Pour les prochains numéros du magazine, le grammage du papier va être allégé, "pour être encore plus proche de celui d’un papier journal", précise Séverine Bonhomme. Cela peut paraître un détail, mais le positionnement du journal en dépend. Des newsletters digitales avec de l’actu inédite viendront bientôt enrichir l'offre éditoriale. En 2018, "Ready for EM" a été distingué par le deuxième prix de l’Arces (Association des responsables de communication de l’enseignement supérieur), dans la catégorie édition.

Coût de l'opération : 12.000 euros lissés sur dix-huit mois, incluant la conception et la réalisation par une agence de communication de deux numéros, un en anglais et un en français.

Un escape game pour redonner goût à la chimie

Après avoir suivi le Pr Bismuth sur les réseaux sociaux, les étudiants devaient collecter les indices éparpillés sur le campus.  // © Communication UTT
Après avoir suivi le Pr Bismuth sur les réseaux sociaux, les étudiants devaient collecter les indices éparpillés sur le campus. // © Communication UTT

L’université de technologie de Troyes (UTT) a conçu un escape game pour ses étudiants de première année, en tronc commun. Le but : leur redonner goût à la chimie. À l’automne 2017, l’UTT crée les comptes Facebook et Twitter du Pr. Bismuth, un faux enseignant de chimie aux allures de professeur fou, mais véritable membre du personnel de l’UTT, connu et apprécié des étudiants.

Amusés, ces derniers s'y abonnent et suivent sa recherche d’un élixir secret. En janvier, les comptes du professeur font le plein de followers. Et en février, il disparaît ! Les 300 étudiants de première année sont alors invités, par groupe, à le retrouver, en collectant les indices éparpillés sur le campus et ayant trait – forcément – à la chimie. Nom du projet : Chemical escape.

"La chimie, matière pourtant indispensable, est mal aimée des étudiants ingénieurs, remarque Léonor Manent, la directrice de la communication. Comment les intéresser, capter leur attention, les remobiliser ? C’était l’objet de ce projet."

Les enseignants de chimie, le CIP (Centre d’innovation pédagogique) et le service de la communication ont travaillé ensemble. "Les outils de communication étaient au service du dispositif pédagogique.

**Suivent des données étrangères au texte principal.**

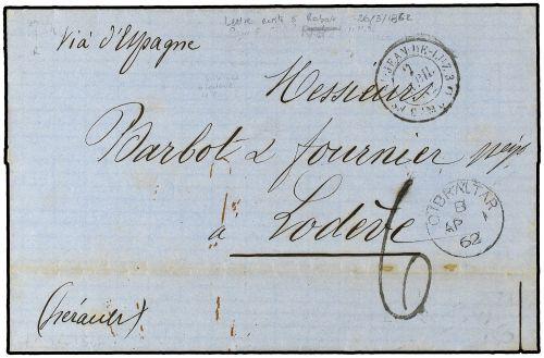 1862 RABAT a FRANCIA. Circulada por via Gibraltar y España. Fechador pequeño de Gibraltar y tasa francesa de ´6´ decimas.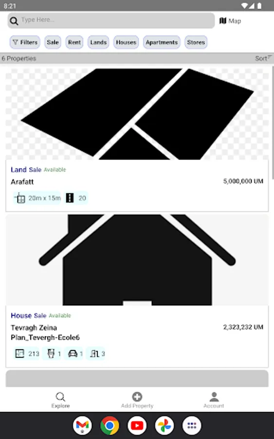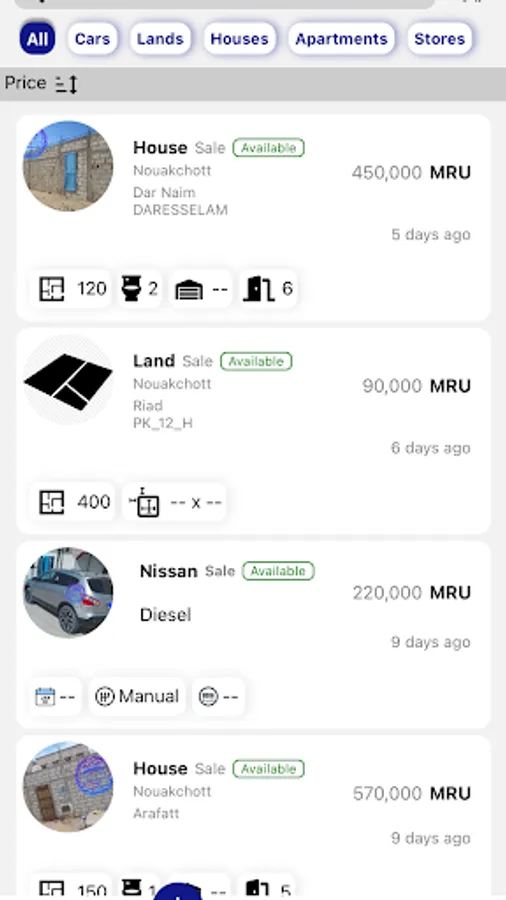 An easy way to list or explores rentals, properties and cras for sale, with a friendly easy UI navigation and advance filters feature it's now easier than anytime before to list your properties and cars, or explore rentals and sales in Mauritania.

L’escape game a d’ailleurs été utilisé comme alternative d’évaluation des compétences au premier semestre."

L’escape game a été utilisé comme alternative d’évaluation des compétences au premier semestre.
(L. Manent)

"Notre objectif était qu'un maximum d'étudiants s'inscrive à l’escape game, détaille Léonor Manent. Au final, 150 sur 300 se sont inscrits. Un taux de conversion de 50%, c’est énorme ! Même si, bien sûr, c’est incomparable avec une opération marketing classique, où le taux de conversion est plutôt de 5 %."

Au-delà des étudiants, l’objectif est également de "toucher" la communauté enseignante à l’UTT et à l’extérieur. "Grâce aux réseaux sociaux, nous avons notamment touché les ingénieurs pédagogiques qui, grâce à cet événement, ont communiqué dans leur communauté."

En 2018, l'opération a reçu le premier prix de l’Arces 2018 dans la catégorie communication digitale.

L'an prochain, "nous créerons encore plus tôt les profils du Pr, pour mieux ancrer sa crédibilité", assure Léonor Manent. L’escape game sera proposé au moment du passage du lycée à la première année, "soit pendant les vacances d’été, soit proposé directement par les enseignants en terminale". Le format sera également légèrement adapté et le rectorat impliqué.

Coût de l'opération : 200 euros, essentiellement en accessoires. Le matériel utilisé et les équipes mobilisées sont ceux de l’UTT.